# PCB pier report. Going back out later



## Dragsmoker (Aug 15, 2011)

Got out to the pier around 8 (Way too late) and went to half hitch before getting on the pier to get some gotchas and leaders. It was fairly crowded and very windy. We saw no Spanish so we decided just to catch some live bait on a sabiki. I'm not sure what they were but people were using them as bait, I think they were greenbacks. The bait was pretty thick. A couple of people told us that people hooked up on a cobia and tarpon earlier but both weren't landed. I free line the greenback and wait for about 30 minutes and then all of the sudden he starts moving a lot and I knew what was coming, sure thing, something slams my rod and has the drag screaming and pops off! I don't think I told this to y'all but I have not caught anything with size off of a pier so I'm pretty pumped for the rest of the day. Whelp, nothing hits till about 130 and we decided to head back and come back later tonight and early tomorrow morning.

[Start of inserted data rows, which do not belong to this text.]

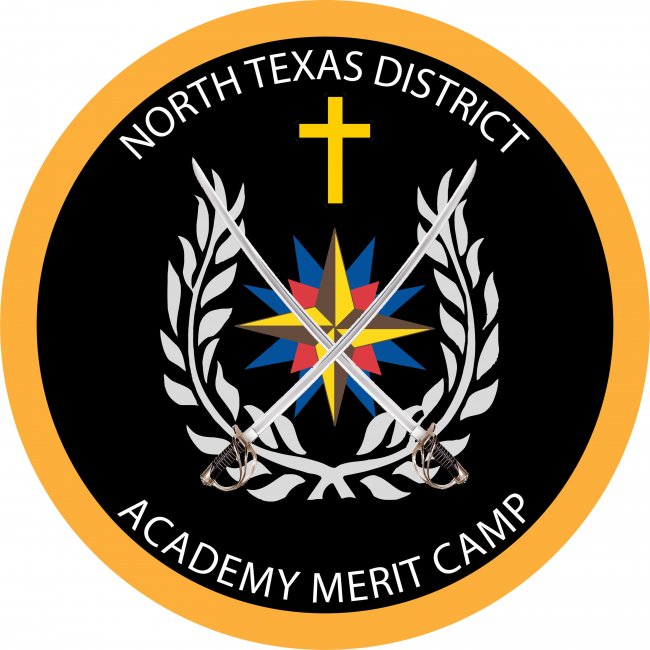 Designed For: North Texas Royal Rangers Category: Attendee Patch Date: June 2019 Type of Event: Training Event Name: Academy Merit Camp This is an undated event patch used every year for the Academy Merit Camp, a camp held as part of the Junior Leadership Development Academy (formerly called the Junior Leadership Training Academy).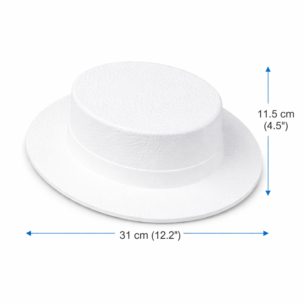 Gracias a sus dimensiones de 31 x 27 cm, este sombrero de unicel es perfecto para decoración de eventos temáticos, exhibiciones comerciales, escenografías, disfraces, manualidades, proyectos escolares y trabajos artísticos. Su superficie es ideal para pintar, forrar y decorar con materiales como tela, papel, vinil, foamy, diamantina o pintura acrílica, facilitando la personalización según el concepto creativo.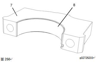 9將主軸瓦下軸瓦(8)安裝到主軸瓦蓋(7)中。確保主軸瓦下軸瓦的定位凸舌正確座入軸瓦蓋的槽中。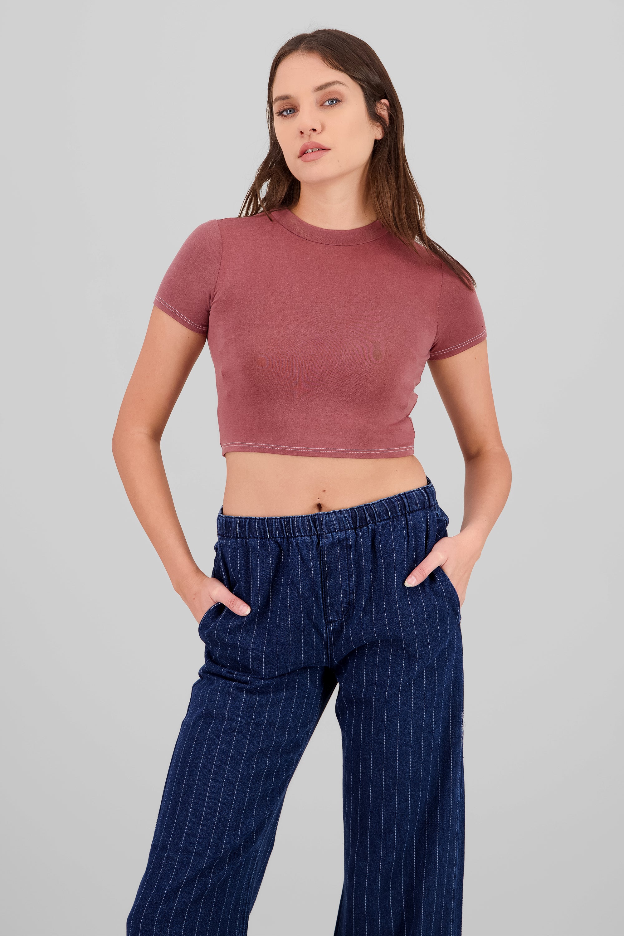 Looking for the perfect basic top? Look no further than our Washed Short Sleeve Crop Top! This stretchy crop top features a fitted, washed effect design and a comfortable crewneck. It's a must-have for any wardrobe, providing endless styling options for everyday wear.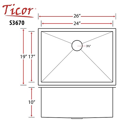 26" Ticor S3670 Pacific Series 16-Gauge Undermount Stainless Steel Single Bowl Zero Radius Square Kitchen Sink with Accessories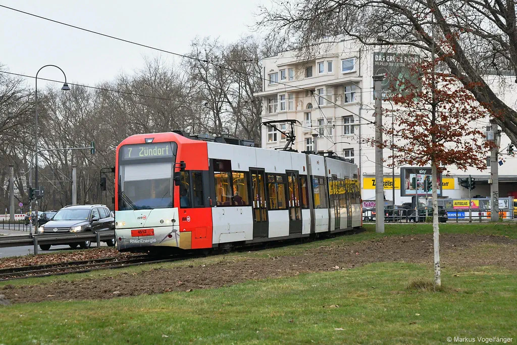 4557 befindet sich nach erfolgter Unfall-Reparatur wieder im Liniendienst. Während der Reparatur wurde das Fahrzeug in die aktuellen KVB-Farben lackiert. Bei dem Unfall stießen die Fahrzeuge 4557 und 4019 auf der Kreuzung Mauritiussteinweg/Hahnenstraße zusammen. 4019 befindet sich bereits seit August diesen Jahres zurück im Liniendienst. Auf dem Bild fährt 4557 auf der Aachener Straße zwischen den Haltestellen Eupener Straße und Alter Militärring als morgendlicher Verstärker der Linie 1 Richtung Junkersdorf am 22.12.2021.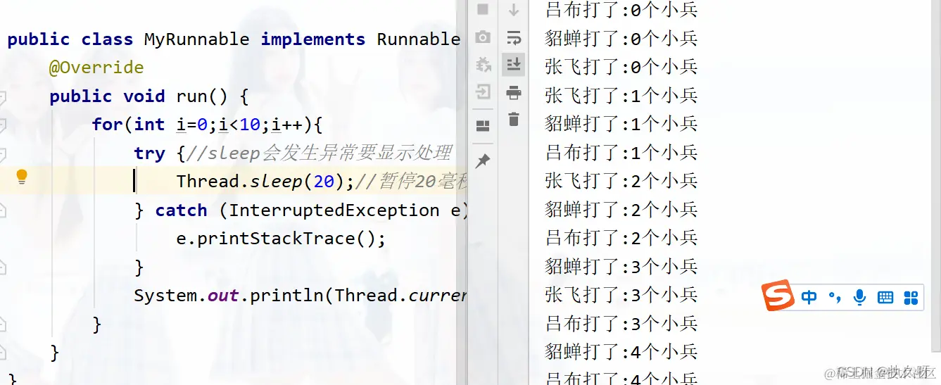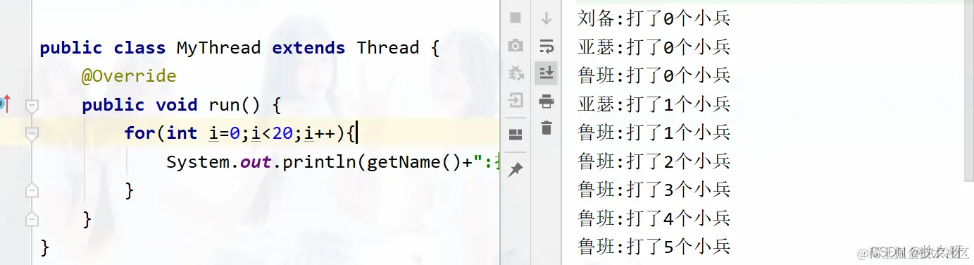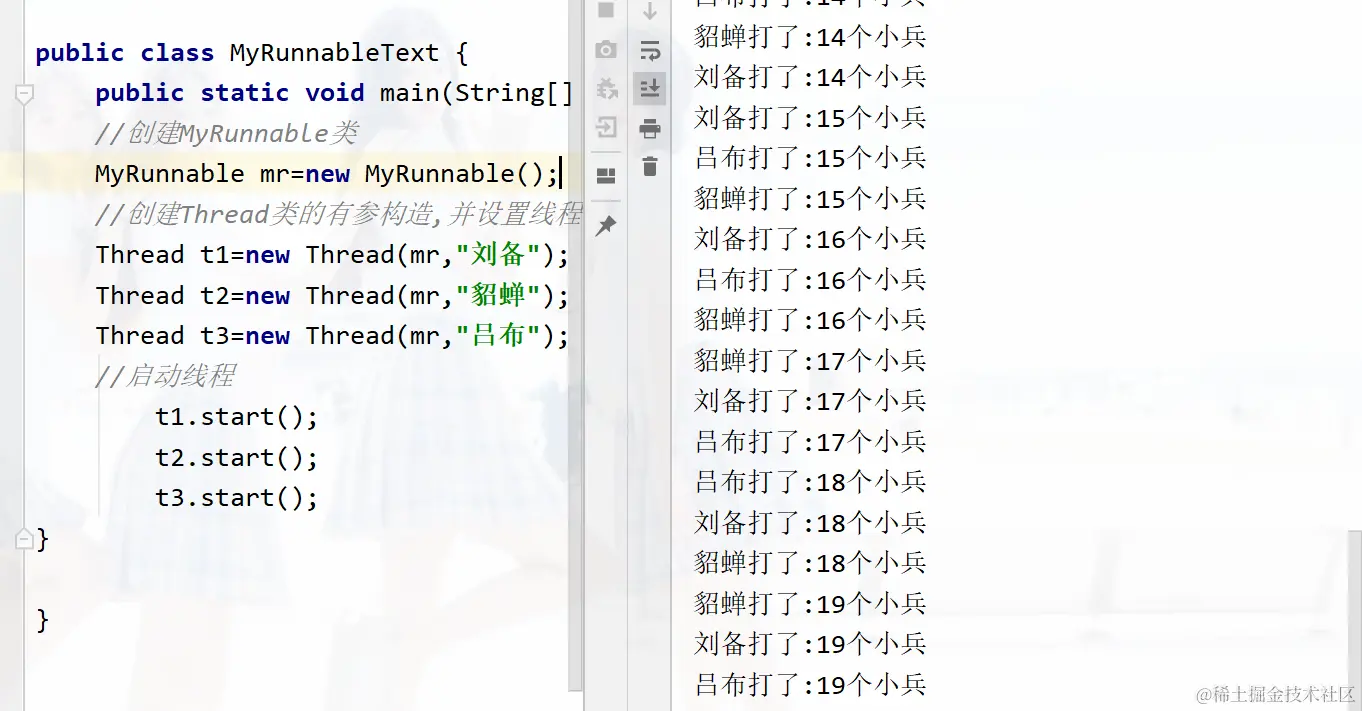 System.out.println(Thread.currentThread().getName()+"打了:"+i+"个小兵");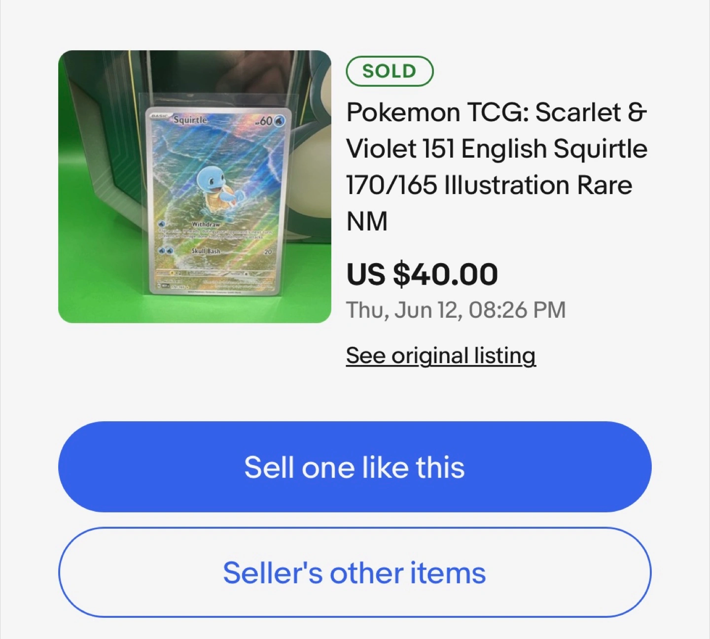 Buy & SellSquirtle (Pokemon 151) IR 170/165Squirtle (Pokemon 151) IR 170/165$55Opened by me, pack fresh Squirtle asking for $55 obo Recently sold on eBay for $40USD (55CAD)ConditionNewWHERE TO MEETCheck LocationView MapSELLERverifiedMiyaHigh Park Swansea26212 reviews0 chats·1 favorites·47 views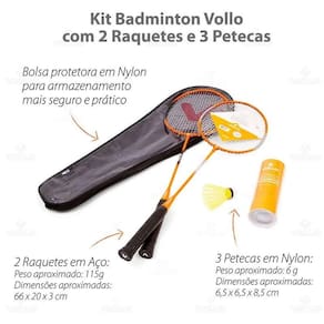 Prático e completo, o Kit Badminton da Vollo conta com a combinação de duas resistentes raquetes de aço, três petecas de nylon (material leve e resistente) e uma bolsa de transparência frontal para armazenamento. Garanta já o seu Kit e desenvolva suas melhores habilidades!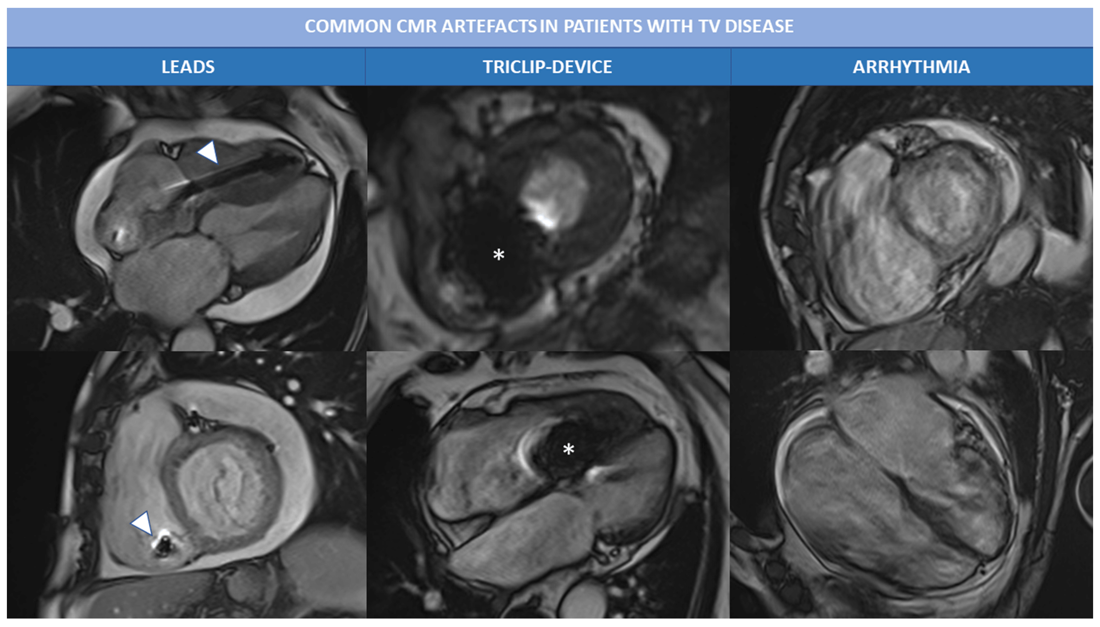 Fig. 4.Common CMR artefacts in patients with TV disease. Magnetic susceptibility and metallic artefacts are frequent in patients with TR; they are caused by the presence of ferromagnetic components of PM leads (arrowheads) or triclip device (*) and can affect image quality. Arrhythmias, like atrial fibrillation is often associated with severe TR and can cause motion artefacts, as shown in the right column. Abbreviations: CMR, cardiac magnetic resonance; PM, pace maker; TR, tricuspid regurgitation; TV, tricuspid valve.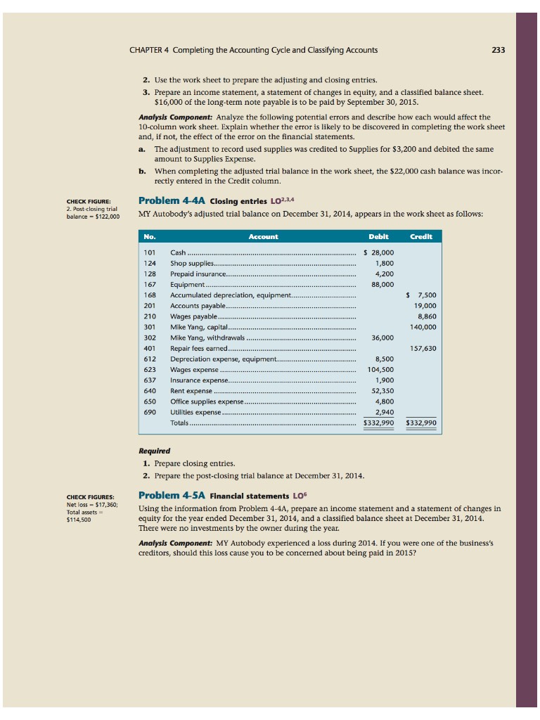MY Autobody's adjusted trial balance for December 31, 2014 appears in the attached worksheet.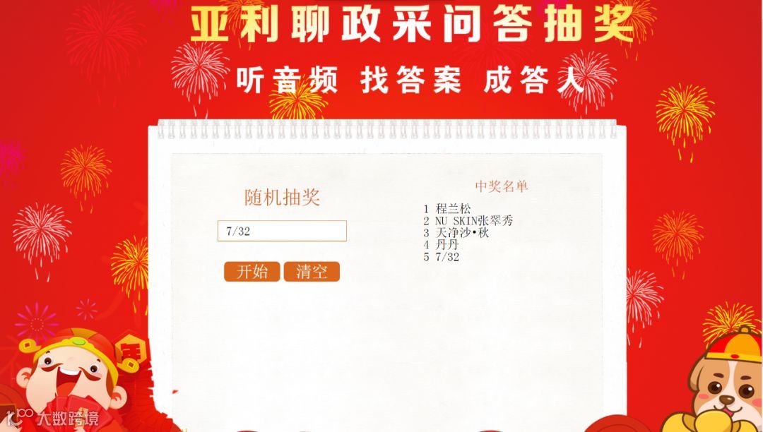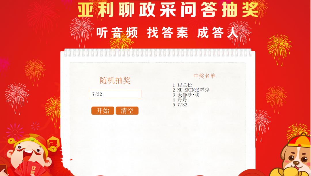 我们从众多提交正确答案的童鞋中,通过公平的“亚利聊政采问答”抽奖系统,随机抽取了五名获奖者,微信昵称为:程兰松、NU SKIN张翠秀、天净沙·秋、丹丹、7/32。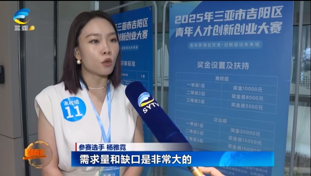 2025年6月,創(chuàng)新創(chuàng)業(yè)大賽現(xiàn)場,由楊雅霓、王曼寧等教師牽頭,網(wǎng)絡(luò)與新媒體、語言科技、經(jīng)濟(jì)與金融專業(yè)學(xué)生共同組建的創(chuàng)業(yè)隊伍自貿(mào)港酒旅直播產(chǎn)業(yè)融合共同體項目沖進(jìn)決賽,憑借清晰的邏輯、深入的市場分析、極具創(chuàng)新性的構(gòu)思以及扎實的規(guī)劃,從88個參賽團(tuán)隊中脫穎而出,并最終在12個晉級決賽的高校組項目中拔得頭籌,成功斬獲高校組一等獎。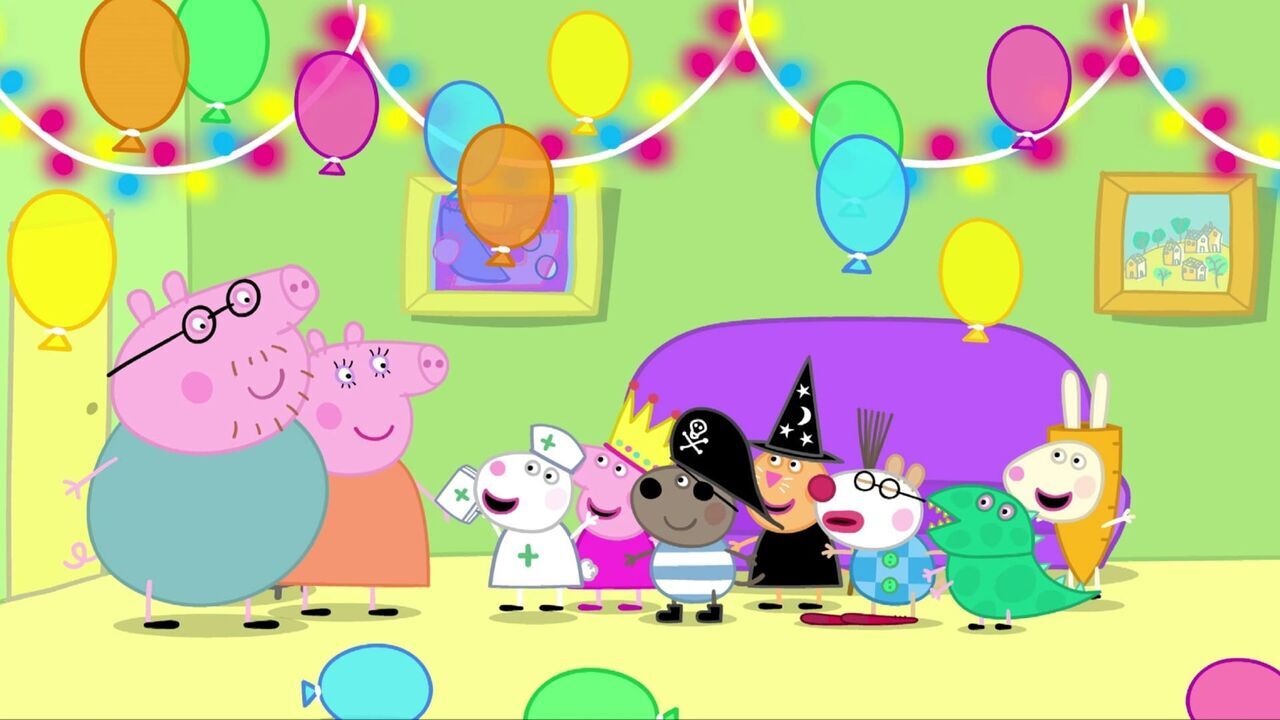 Peppa et George organisent une fête déguisée. Ils ont invité tous leurs amis. Peppa a un costume de princesse, tandis que George, lui, est un effrayant dinosaure. Suzy a revêtu un…
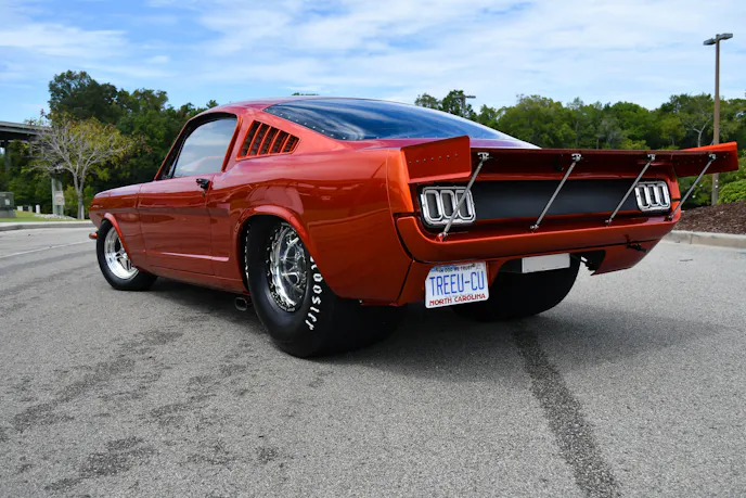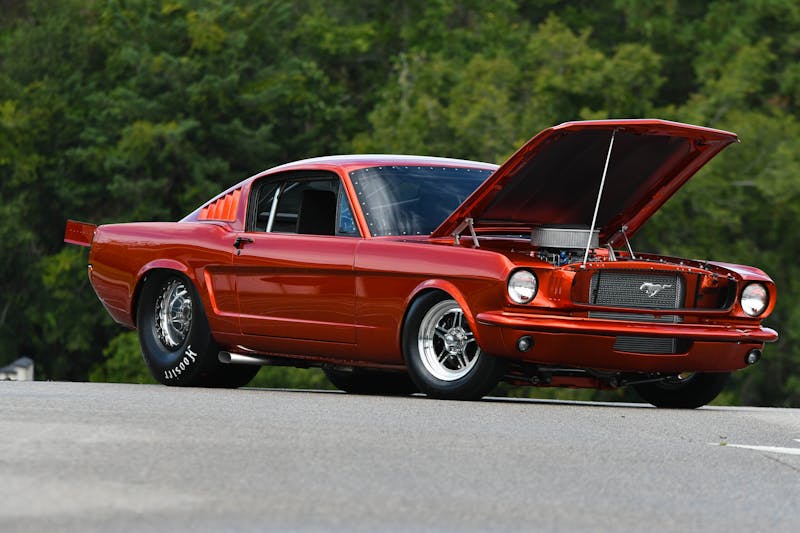 Now, there is a growing trend of owners converting their former drag race cars into streetable machines. These retired racers still pack serious power under the hood and retain the traditional look, but the quality of craftsmanship has skyrocketed, with special attention to body, paint, and drivability. Phillip Tarlton’s 1965 Mustang has reset the standard for what a proper Pro Street should be and the photos alone don’t do the car justice.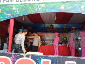 PESAWARAN-(PeNa), Ketua Cabang Bhayangkari Polres Pesawaran Putri Popon A.Sunggoro berikan dukungan kepada jajaran yang melaksanakan tugas di Pos Pengamanan Natal dan Tahun Baru 2020 (Pos Pam Nataru), pertama dilakukan di Pos Tugu Pengantin Gedong Tataan, Jum’at (27/12/2019).

And I have a question, I REALLY want to catch a redfish at night from the pier. What should I do?? Do I free line a bait or should a put a weight on it? Thanks


----------



## hsiF deR (Oct 4, 2009)

I would freeline. I saw 4 or 5 yesterday afternoon when I was down there. Go back to the inside of the first bar and you can sight fish them during the day.


----------



## Yakavelli (Mar 17, 2010)

The greenbacks are called LY's around here...by anybody from around here anyways. Great redfish bait. Great everything bait. I'd put 'em on a Carolina rig for reds at night, fish on bottom near the pier between the beach and sandbar. Should produce a red if they're there.


----------



## Dragsmoker (Aug 15, 2011)

hsiF deR said:


> I would freeline. I saw 4 or 5 yesterday afternoon when I was down there. Go back to the inside of the first bar and you can sight fish them during the day.


I'm almost positive we saw some coming back. At first I thought they were a school of Spanish but as they got closer they were fatter than a Spanish and now that I think of it look like reds. I threw a gotcha all around them but they didn't even attempt to bite it.


----------



## Dragsmoker (Aug 15, 2011)

Yakavelli said:


> The greenbacks are called LY's around here...by anybody from around here anyways. Great redfish bait. Great everything bait. I'd put 'em on a Carolina rig for reds at night, fish on bottom near the pier between the beach and sandbar. Should produce a red if they're there.


Thanks, good thing i didn't call them a greenback.


----------



## hsiF deR (Oct 4, 2009)

The reds at the pier really like very lively baits. They are also leader shy when the water is clear. It was nice yesterday so I presume it is still clear. Stick a circle hook in an LY's face or a hardtail if you can find one. If they are there they will eat it. I would definitely be down in the 4-6' of water.


----------



## Yakavelli (Mar 17, 2010)

Dragsmoker said:


> Thanks, good thing i didn't call them a greenback.


Lol...everybody knows what you mean. I don't think anyone will look down on callin em greenbacks or greenies or whitebait or alewives or whatever...

Kinda like soda vs pop vs coke


----------



## AVIDfisherman (Jan 31, 2013)

I use a 30-50lb flourocarbon leader carolina rig and cut mullet catches them for me on the pier.


----------



## Dragsmoker (Aug 15, 2011)

Got back out here at 5. The redfish were chasing schools of bait and were swimming with rays. Couldn't catch a bait fish for my life. Some people were catching Spanish and hard tails on popping corks with straws. Right now we have caught a huge lady fish (It's head is now shark bait) and a decent Spanish on squid also a small shark. Just waiting for a run!


----------